On Thu, 18 Jun 2026 21:13:07 +0800 wang lian <lianux.mm@gmail.com> wrote:

> 
> 
> > On Jun 18, 2026, at 19:03, Gutierrez Asier <gutierrez.asier@huawei-partners.com> wrote:
> > 
> > Hi Wang,
> > 
> > On 6/18/2026 12:48 PM, Wang Lian wrote:
> >> Received an off-list report that DAMON significantly overestimates
> >> hot memory in KVM/QEMU deployments with THP-backed tmpfs guest memory
> >> running Oracle workloads.
> >> 
> >> The root cause is structural: a PMD entry covers 512 4KB subpages with
> >> a single Access Flag (AF) bit.

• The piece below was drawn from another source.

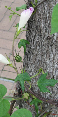 あさがおや昼は鎖おろす門の垣 ばせを 爽やかに咲く朝顔も、昼には花を閉じる。 それにならって、老後は門に鍵をかけ、 静けさを楽しむことにしよう。 三ケ月や朝顔の夕べつぼむらん ばせを 「つぼむ」の両義性=萎む/蕾む cf. 小宮豊隆著 『芭蕉句抄』(岩波新書)1961 |

When any one subpage is accessed, the entire
> >> 2MB region appears "hot" to DAMON. On ARM64, this is compounded by the
> >> hardware AF mechanism -- the AF is only set on a TLB miss. Consequently, when the
> >> working set fits entirely within the L2 TLB (e.g., a 16MB working set with 2MB THP
> >> running on a Kunpeng 920's 2048-entry L2 TLB), DAMON becomes completely blind to
> >> subsequent accesses. x86 is not subject to this specific blindness under similar
> >> conditions.
> > 
> > Have you tried setting the minimum region size to 2MB?
> > 
> >> We reproduced this memory inflation on a Kunpeng 920 platform using a synthetic
> >> workload (8GB mmap with a 0.2% sparse hotspot, i.e. 16MB actually hot):
> >> THP=always causes DAMON to report the entire 8GB as hot, while THP=never
> >> reports only a few hundred MB -- a 512x overestimate relative to the actual
> >> 16MB hotspot under THP, and a ~33x gap between the two THP modes. ARM SPE hardware profiling
> >> independently confirms this asymmetry: out of 2,005 THPs sampled system-wide
> >> over 10 seconds, 97% had fewer than 10% of their 4KB subpages actually accessed.
> > 
> > THP always will just collapse the entire PID into huge pages anyway. This
> > is outside DAMON's control.
> > 
> > Have you tried setting THP to never and running DAMON with DAMON_COLLAPSE
> > action?
> > 
> >> To mitigate this, this series extends the existing DAMOS_COLLAPSE action to be
> >> mTHP-aware via a new target_order field, and introduces a new
> >> DAMOS_MTHP_SPLIT action. This enables DAMON to proactively split PMD THPs
> >> into smaller mTHPs when most subpages are probed as cold, and collapse them
> >> back when beneficial. To resolve the sub-PMD monitoring blindness, the split
> >> path can incorporate fine-grained hardware feedback from ARM SPE.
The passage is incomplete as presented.